The lines to retype run from the one containing "Рекомендуем при выборе" through the end of the listing below. Reproduce them exactly, leaving out pictures.

- _Stored data_
========

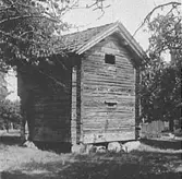 Stolpbod från Berga gård efter flytten till Vallby friluftsmuseum i Västerås.
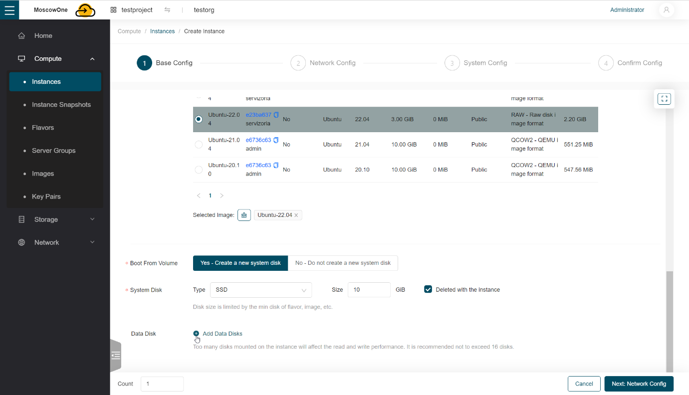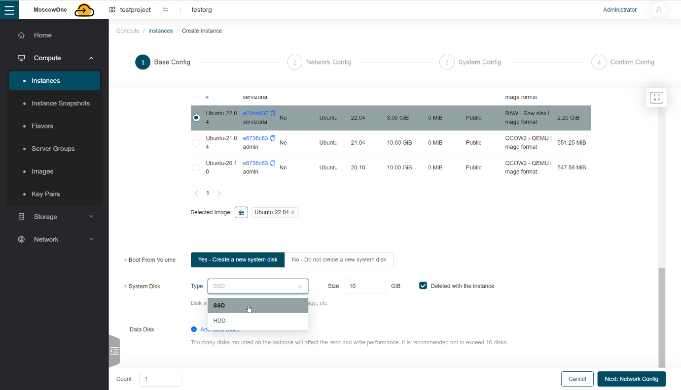 Рекомендуем при выборе размера установочного диска учитывать, что он не должен быть меньше размера, который занимает образ операционной системы.Рядом с окном для указания размера диска, устанавливается флажок Deleted with the instance. Эта настройка проставляется по умолчанию и означает то, что при удалении данной виртуальной машины, диск будет удален вместе с ней.
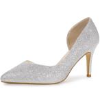 Perphy グリッター パンプス ポインテッドトゥ スリッポン スティレットヒール レディース シルバー 26.0 cm

========

- _Written response_
 Рекомендуем при выборе размера установочного диска учитывать, что он не должен быть меньше размера, который занимает образ операционной системы.Рядом с окном для указания размера диска, устанавливается флажок Deleted with the instance. Эта настройка проставляется по умолчанию и означает то, что при удалении данной виртуальной машины, диск будет удален вместе с ней.
 Perphy グリッター パンプス ポインテッドトゥ スリッポン スティレットヒール レディース シルバー 26.0 cm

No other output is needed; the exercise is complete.